Catching problems before the customers do, or not

After you've worked a few thousand support tickets in a couple of months, you start learning things, and you start noticing patterns. I realized that while brute force is one way to keep up with whatever customers may need, it's a soul-sucking technique which ignores one's higher brain functions. I tried to do something about it.

One thing which occurred to me is that many tickets simply don't ever need to exist. There are things which (at the very least) could be noticed by the hosting company and resolved long before the customer ever found out. At least that changes it from a flood of customer-requested tickets to a flood of internal requests. That is actually a net win, since it means less hassle for customers and it also looks like you are being proactive, because, well, you are, and they love that.

We had this service where backups would run on your server periodically and would dump over a private network to a huge backup environment. These dumps and a pass/fail status would show up in a database somewhere. There was another database where you could find out if the customer had ordered backups for it or not -- call it a SKU, because that's what it was.

So now you have basic set logic going on here. Just using the backup transfer logs, you get a set of hosts which have been backed up recently, a set of hosts which have been backed up (at any point), and a set of hosts which have never been backed up. From the provisioning side, then you have a set of hosts which should be getting backed up, and a set of hosts which should not.

From this point, the rest is a simple matter of doing intersections and unions and all of this to get things you care about: hosts which should be getting backed up but never have, hosts which were being backed up and then strangely stopped (but should still be getting it), and so on.

I had all of these triggers feed into something I called the audit console, where it would rattle off a list of problems for anyone who cared to look.
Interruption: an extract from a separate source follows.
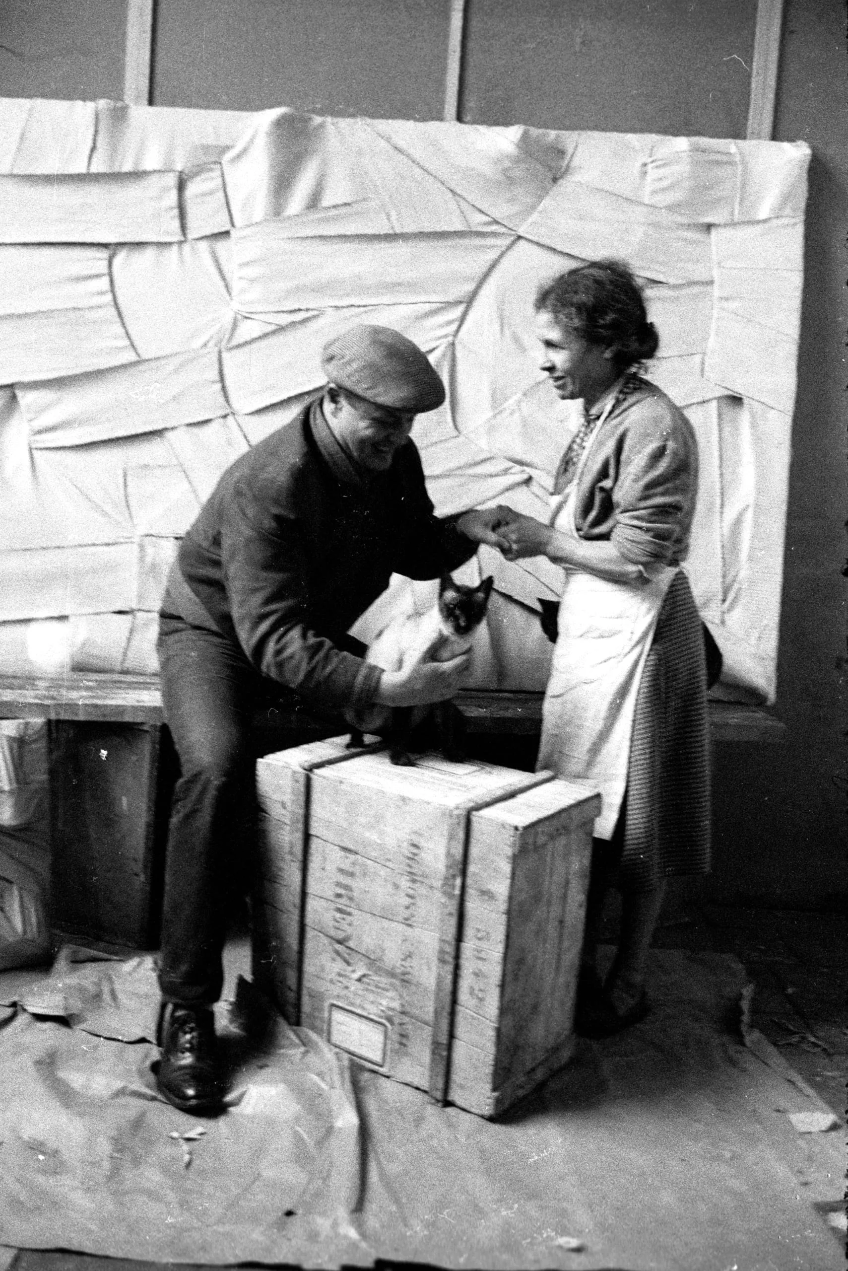 Black and white photograph of a man and woman leaning over stacked wooden crates toward a cat, a large wrapped canvas visible behind them

It could also pick up on a bunch of other random dumb things which could be broken in a customer's configuration: more IPs in use than their firewall's license will support, and so on.

So now I had this magnificent web page which showed plenty of opportunities for fixing things before they went and hurt a customer, but... nobody cared. There was no real incentive to do anything about that kind of problem before the fact. Even though the consequences could be brutal if the worst happened, few seemed to worry about it.

Let's say you are paying for backup service, and it stopped working three weeks ago, and you pay for two week retention. That means your last backup disappeared from the environment a week ago. You have no backups. Now imagine your disk dies. You're toast.

This is one of those things which was obviously correct and yet was never adopted. If the right people don't care, nobody will.